How is crypto tax calculated in Australia?

You can be liable for both capital gains and income tax depending on the type of cryptocurrency transaction, and your individual circumstances. For example, you might need to pay capital gains on profits from buying and selling cryptocurrency, or pay income tax on interest earned when holding crypto.

How does payment work?

We have an annual subscription which covers all previous tax years. If you need to amend your tax return for previous years you will be covered under the one payment.

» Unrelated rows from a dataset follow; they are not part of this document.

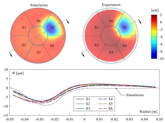 (Top): Comparison between experiment and simulation of the deformation induced by a voltage of 100 V being applied to electrode S. (Bottom): Displacements along the 6 cross sections rotated by 60° The dashed line corresponds to the numerical simulation.
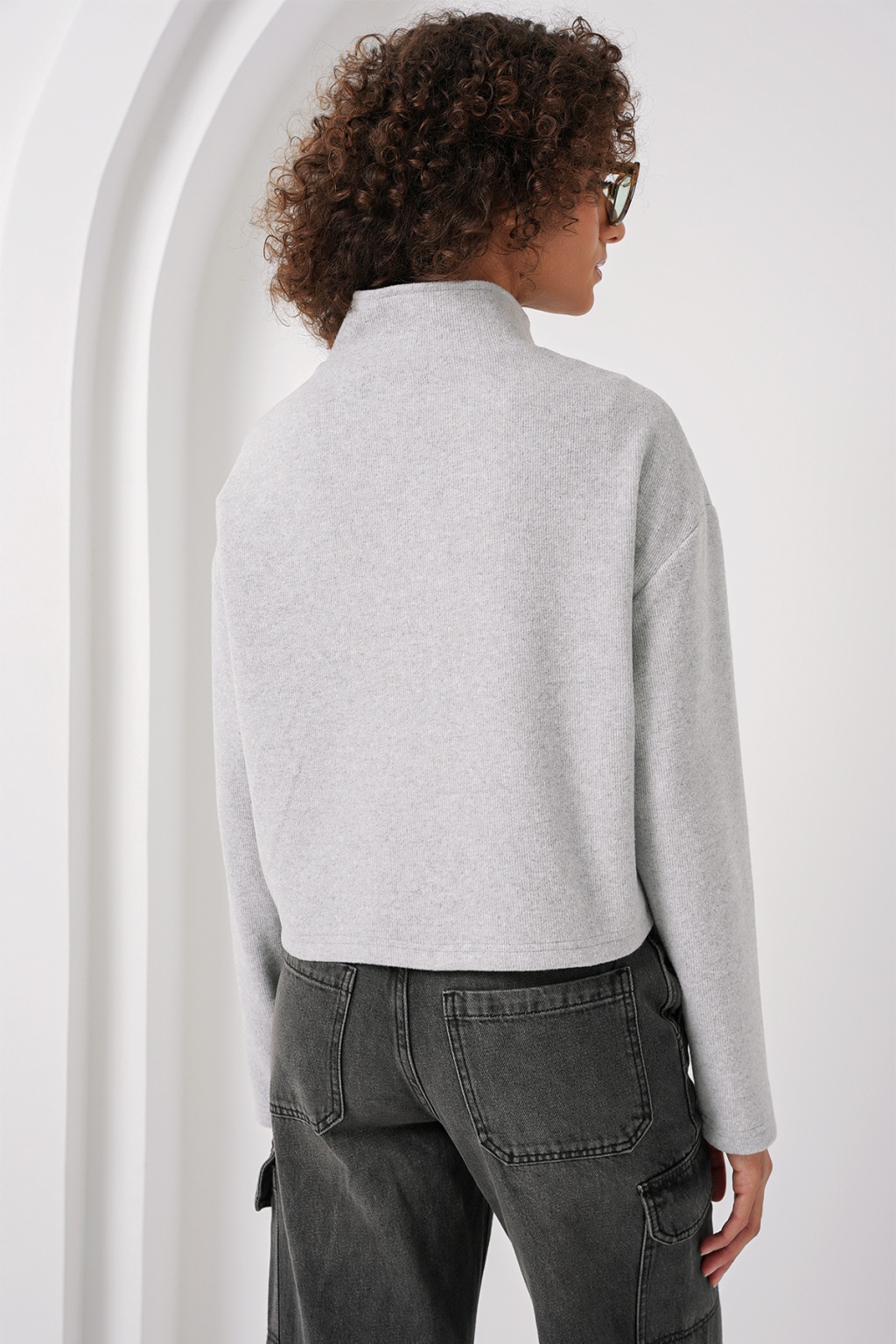 55449 Fermuarlı Yaka Örme Sweatshirt - Gri
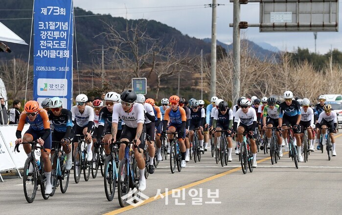[강진=정찬남 기자] 제73회 3.1절 기념 강진 투어 전국도로사이클 대회가 3일 개막한 가운데 대회 첫째 날 남자부 경기에 참가한 고등부와 일반부 선수들이 혼신의 힘을 다해 질주하고 있다.

Can I use my own accountant?

Yes, Summ (formerly Crypto Tax Calculator) is designed to generate accountant friendly tax reports. You simply import all your transaction history and export your report. This means you can get your books up to date yourself, allowing you to save significant time, and reduce the bill charged by your accountant. You can discuss tax scenarios with your accountant, and have them review the report.

Do you support NFT transactions?

We do! We have integrations with many NFT marketplaces, as well as categorisation options for any NFT related activity (minting, buying, selling, trading).

How does the free trial work?

The platform is free to use immediately upon signup, allowing you to import your transactions and take advantage of our smart suggestion and auto-categorisation engine, portfolio tracking, DeFi and NFT support. For access to reports, the tax loss harvest tool or chat and priority support, you will need to upgrade to the appropriate paid plan.